Not sure if you guys have figured out how dz[1] is calculated but here is the calculation which might help someone who comes here.
So the goal is to minimize loss with respect to z1 which is dL/dz1 and this can be written as dL/da2
* da2/dz2
* dz2/da1
* da1/dz1
using chain rule.
Remember that this term dL/da2
* da2/dz2
is loss with respect to dz2 which is dL/dz2
= a2-y
. You can refer this wonderful post to know how this is derived if you are not sure.
Now our equation is (a2-y)
* dz2/da1
* da1/dz1
dz2/da1
= d/da1 w2a1+b
because z2
is derived from w2a1+b
derivative of w2a1+b
with respect to a1
is w2
da1/dz1
= d/dz1 sigmoid(z1)
derivative of sigmoid(z1)
is sigmoid(z1) * (1-sigmoid(z1))
Finally everything put together,
dL/da2
* da2/dz2
* dz2/da1
* da1/dz1
becomes (a2-y)
* w2
* sigmoid(z1) * (1-sigmoid(z1))
which Prof. Andrew has given as w2
* a2-y
(which is loss with respect to z2 so named it as dz2) and the final term sigmoid(z1) * (1-sigmoid(z1))

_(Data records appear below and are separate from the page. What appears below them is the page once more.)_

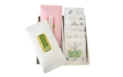 煎茶とほうじ茶の茶葉と、日本茶フレーバードティーのプチパックのセットです。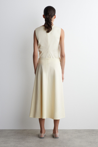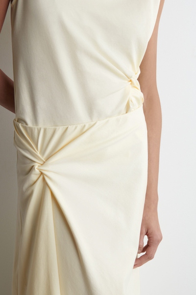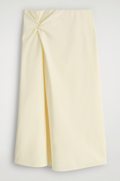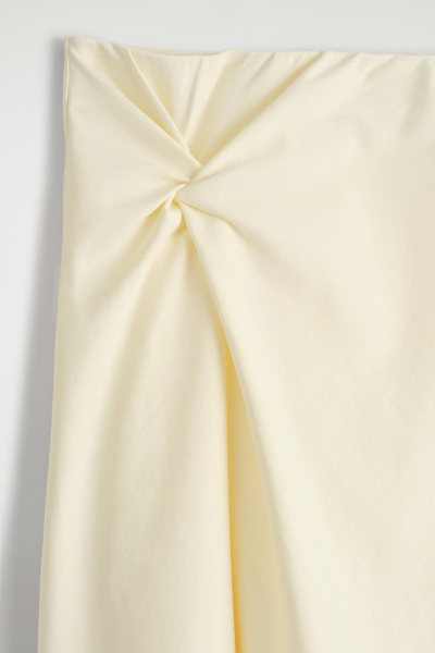 Asymmetric in shape, this midi skirt features a twisted detail that softly defines the silhouette. It’s designed with an elasticated waistband and crafted from soft Pima cotton-blend jersey in an enduring toffee-brown tone. Style it as a set with the coordinating top.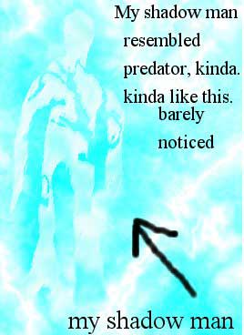 No. 19 - BHKeen@aol.com writes: This is my picture of my shadow person ,I am not sure if its a ghost or not I was in my bathroom brushing my teeth and saw him out of the corner of my eye. My son said tomy husband and I one time that he saw a man hanging from our tree in our backyard. He had been having nightmares at the time, so we associated this with that. whatever that means?.......I also have 2 cats who often sit in high places in my house, and act like they are gaurding, what ....I dont know. They dont act hostile or anything they just hang out.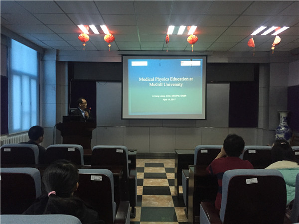 讲座主要围绕放射医学专业新兴的就业方向——物理师展开,内容涵盖放射医学专业的毕业实习项目、联合教学项目等详细介绍。鉴于物理师这一职业在中国还未广泛普及,同学们对这一新兴职业缺乏深入的了解,李恒亮教授首先以麦吉尔大学医学院培养出的物理师为代表,对北美地区物理师的教育培训、工作职责、职业要求及平均工资等问题向同学们进行了基本介绍。随后,他向同学们介绍了加拿大麦吉尔大学的地理位置和自然环境,在他的介绍中,同学们了解到,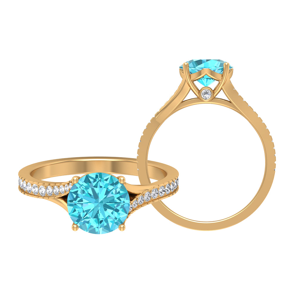 This womens engagement ring showcases a Swiss Blue Topaz, cut in a round shape measuring 8 MM, and set in solid gold with four prongs. The split shank design of the ring is accented with brilliant cut Diamond stones.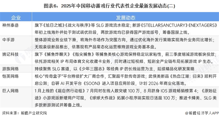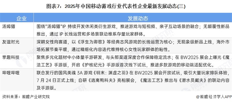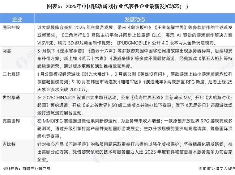 截至2025年11月,移动游戏行业代表性企业最新发展动态如下: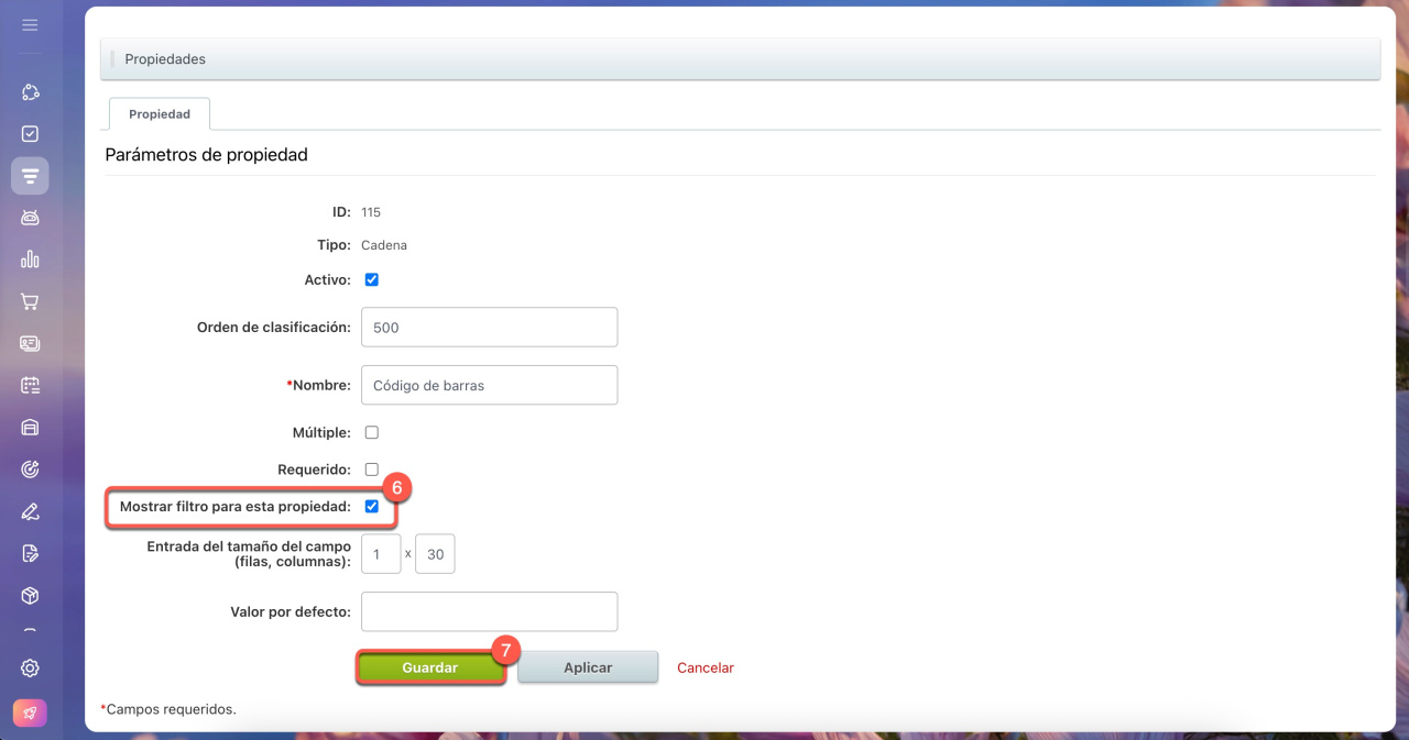6-7. Habilita la opción Mostrar filtro para esta propiedad y guarda los cambios.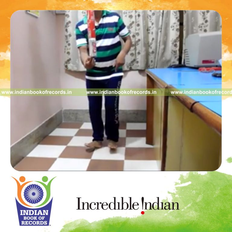The Maximum Number of 360 Degree Rotations on Heels while Balancing Five Cans on Right Index Finger counted to 25. It was accomplished by Suresh Gaur at Gwalior, Madhya Pradesh, India on July 07, 2015.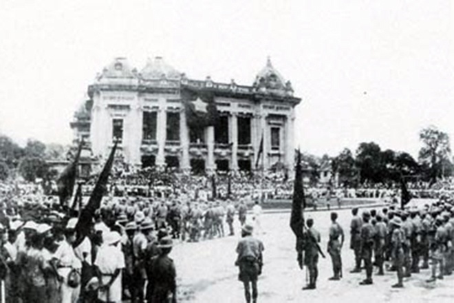 | Ngày 19/8, cuộc mít tinh lớn do Việt Minh tổ chức tại Quảng trường Nhà hát lớn đã kết thúc bằng cuộc tuần hành thị uy của quần chúng phối hợp với lực lượng vũ trang chiếm đóng các sở, cơ quan đầu não của chính quyền bù nhìn. |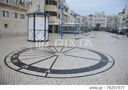 ポルトガル、ナザレ、ソウザ・オリベイラ広場の日時計、綺麗な石畳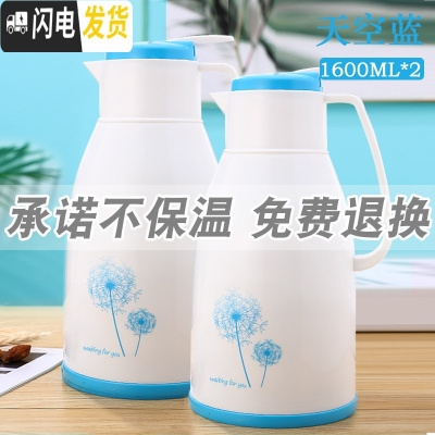三维工匠保温壶家用保温水壶大容量学生宿舍开水暖水瓶小型便携保暖热水瓶 2个天空蓝1600(卧室客厅各一个)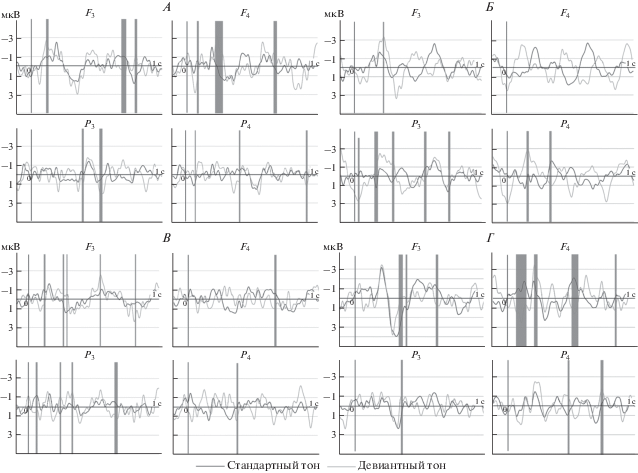 На рис. 1 показаны ПСС в лобных и теменных (F3, F4, P3, P4) отведениях. Серым цветом выделены временны́е интервалы, на которых отличия ПСС в ответ на стандартный и девиантный тон достигают статистической значимости (p < 0.05). Для левой лобной области Fs: 55–215, 575–580, 688–697 мс, правой лобной области Fd: 155–206, 674–678, 689–694 мс, левой теменной области Рs: 183–194, 647–661, 743–761 мс, правой теменной области Рd : 187–196, 408–411, 512–518, 652–673, 753–757 мс.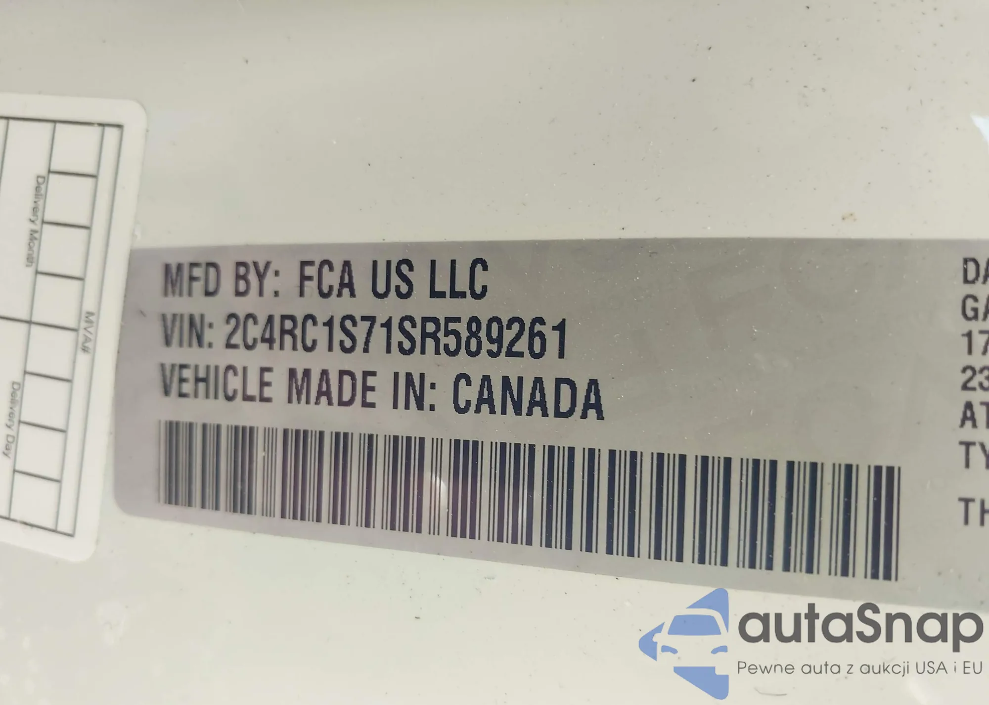 • VIN 2C4RC1S71SR589261
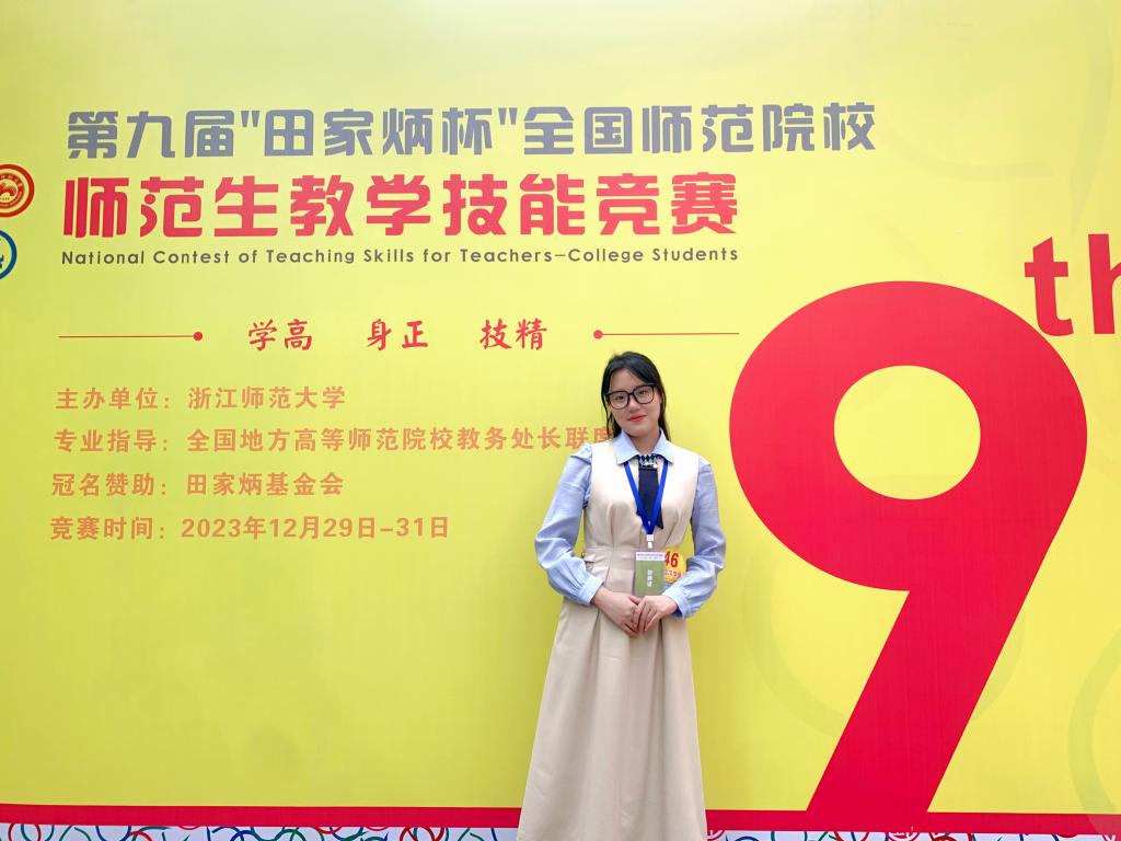 2023年12月29日至31日,第九届“田家炳杯”全国师范院校师范生教学技能竞赛决赛在浙江师范大学落下帷幕。人文学院2020级汉语言文学(师范)专业学生胡怡萱荣获“高中学段汉语言文学专业组别”一等奖,这是学校唯一一名师范专业参赛选手。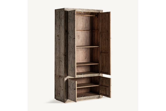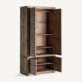 Armario cotswolds, de estilo rústico. Fabricado en madera de olmo reciclado, en color marrón claro desgastado.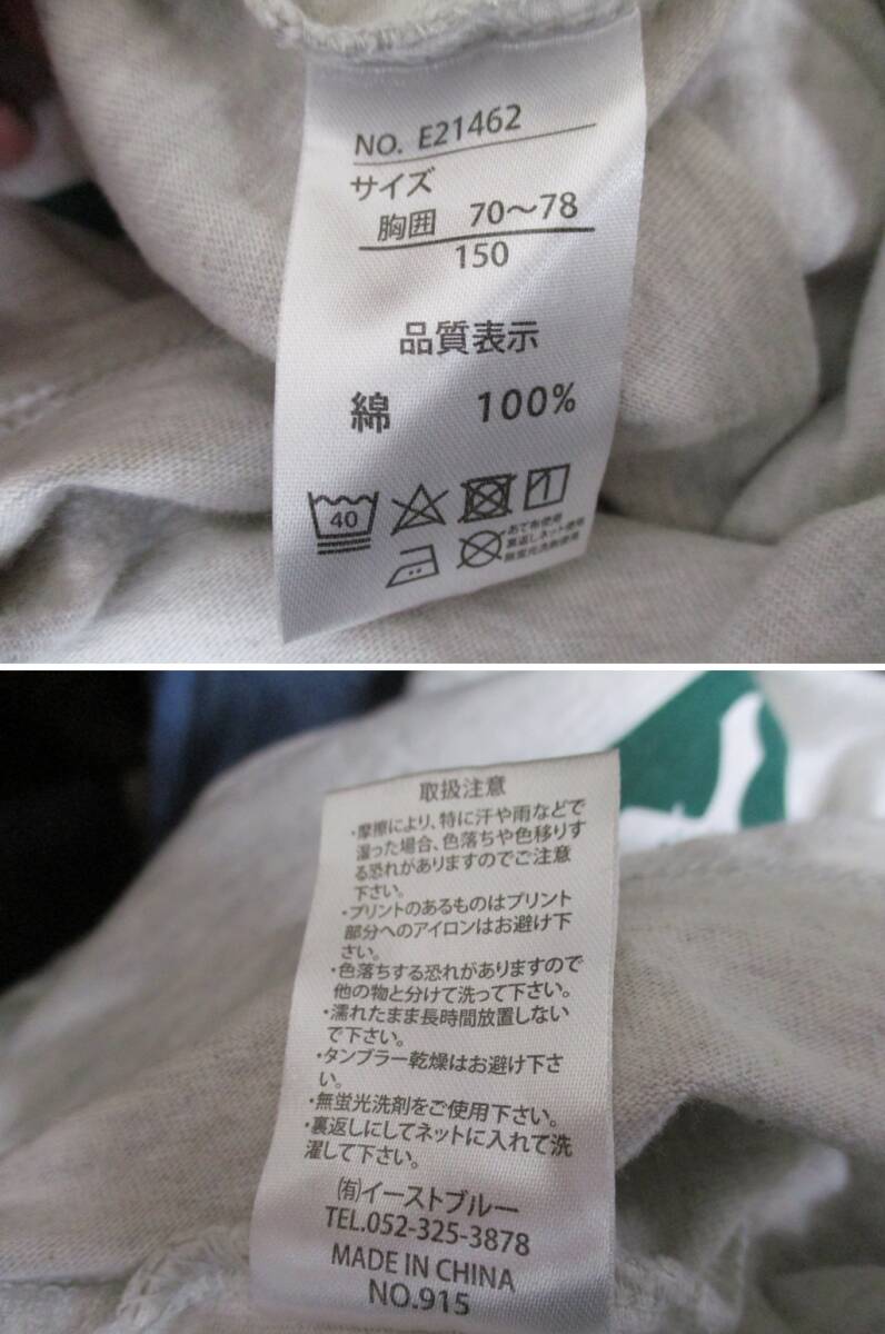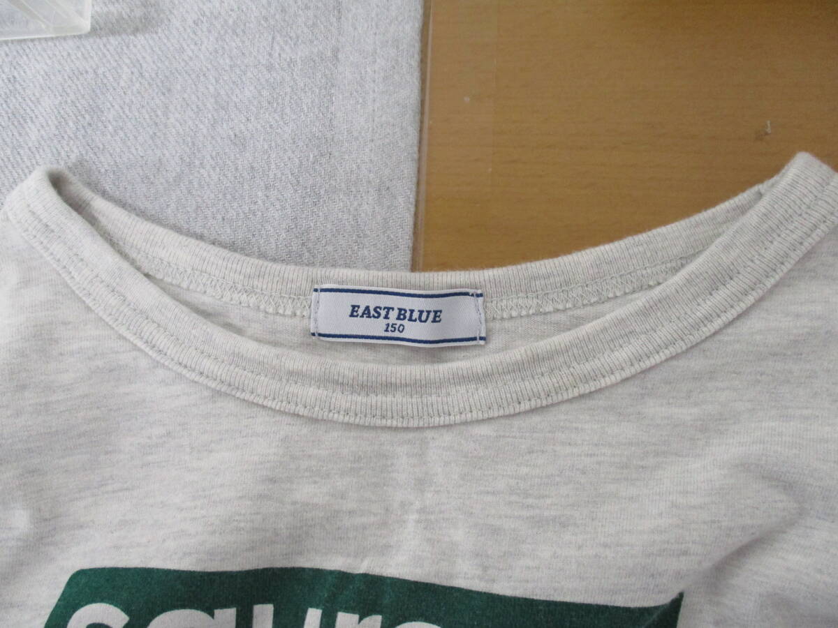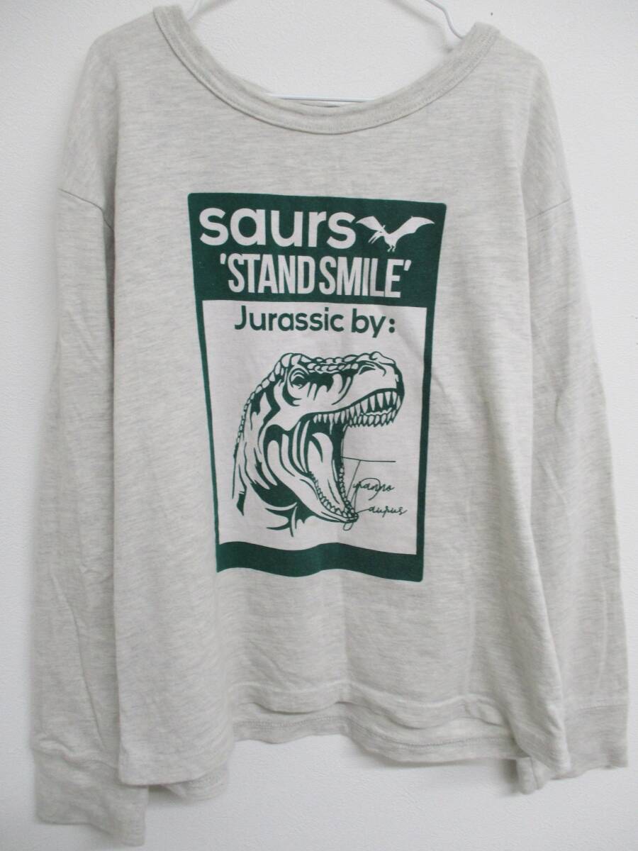 ★1313【送料無料】EAST BLUE イーストブルー 長袖Tシャツ キッズ 150 杢グレー 綿100% ロンT 恐竜 袖リブ 部屋着 普段着 かっこいい 春秋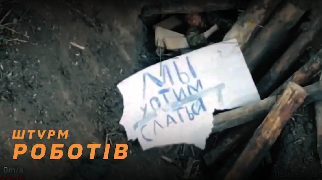 Сначала дрон-камикадзе поразил блиндаж противника. Следом за ним на позицию заехал наземный робот, начиненный взрывчаткой. После второго удара камера воздушного дрона зафиксировала невероятное: из разрушенного укрытия вышел российский солдат и поднял над собой кусок картона с надписью "Мы хотим сдаться".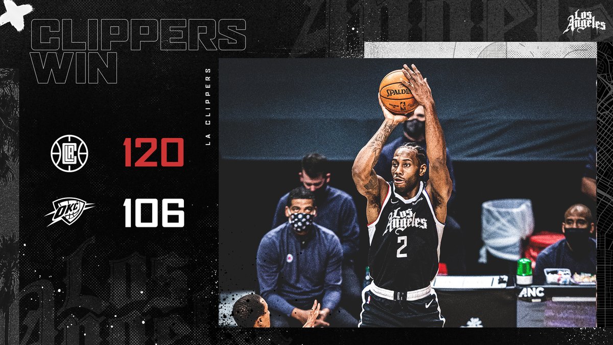 博球00701月23日讯 今日,快船以120-106击败雷霆。 赛后,快船官方更新推特,晒出一张快船球员科怀-伦纳德的赛场照庆祝比赛胜利。

is denoted as g prime (z1).
Hope this helps as I couldn’t use math notation but just plain text.
P.S: Please note that da1/dz1
can change depending on the activation function used. Here I have assumed activation function at hidden layer is sigmoid and in one of the assignments tanh is used. So a portion of dz1
changes.